# Different scaling gives vastly different solutions

This problem has to do with proper scaling (again) of an LP.

It seems like CVX is extremely sensitive to different scaling. I provide example code which happens to mimic my own problem to illustrate the issue. Note that I have checked the condition number and it should be considered low already (<10).

The tall matrix C included as part of the optimization problem (Cx<=b) is full column rank. Note that it is random since I need to perform Monte Carlo simulations.

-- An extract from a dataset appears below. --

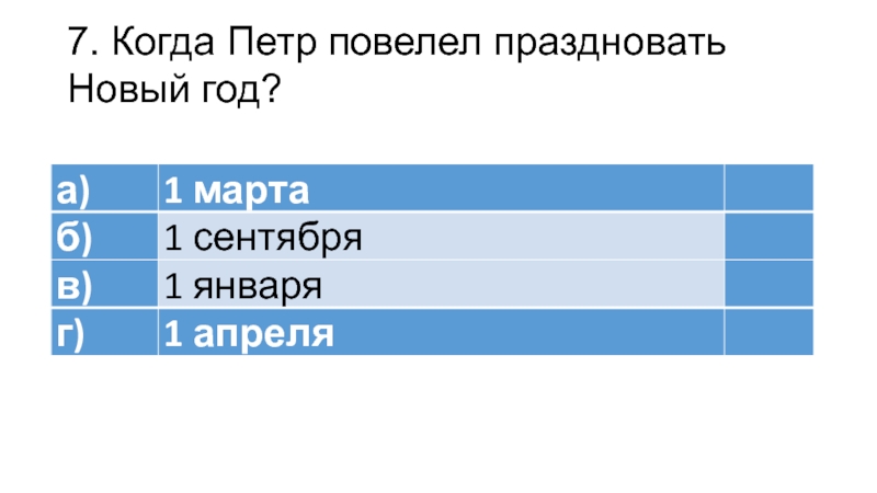 Слайд 77. Когда Петр повелел праздновать Новый год?

The wanted order of magnitude for the largest matrix element can be changed with a parameter (wantedPowerOf10) in the example code. Please note that the optimization variables model power, so the solution should not be negative (though it sometimes does, and I am not sure how to deal with this).

Edit:
% ---------------------------------------------------
clear all

n = 3; m = 5;

% Lower and upper bounds on opt. variables
bMax = 0.1;
b = bMaxones(m,1);
l = zeros(n,1);
u = bMax
ones(n,1);
wantedPowerOf10 = 0;

% Example 1
rng(0,‘twister’);
A = (1e-5)rand(n,m);
B = (A.’) * inv(A
(A.’));
C = abs(B).^2;

scalar1 = 10^(largestPowerOf10 - wantedPowerOf10);
Cscaled = C/scalar1;
bscaled = b/scalar1;
uscaled = u/scalar1; % The lower bound is all-zeros and need not be scaled

cvx_begin quiet
variable x(n)
maximize( sum(x) )
subject to
Cscaledx <= bscaled
l <= x <= uscaled
cvx_end
x = x
scalar1

% Example 2
rng(2,‘twister’);
A = (1e-5)rand(n,m);
B = (A.’) * inv(A
(A.’));
C = abs(B).^2;

scalar2 = 10^(largestPowerOf10 - wantedPowerOf10);
Cscaled = C/scalar2;
bscaled = b/scalar2;
uscaled = u/scalar2; % The lower bound is all-zeros and need not be scaled

cvx_begin quiet
variable x(n)
maximize( sum(x) )
subject to
Cscaledx <= bscaled
l <= x <= uscaled
cvx_end
x = x
scalar2
% ---------------------------------------------------

You can change scaling with wantedPowerOf10 (e.g. wantedPowerOf10=1,0,-1, etc.). But to prove my point, you can also change rng(0,‘twister’) to rng(1,‘twister’) in the second line and keep the same scaling factor (wantedPowerOf10=0).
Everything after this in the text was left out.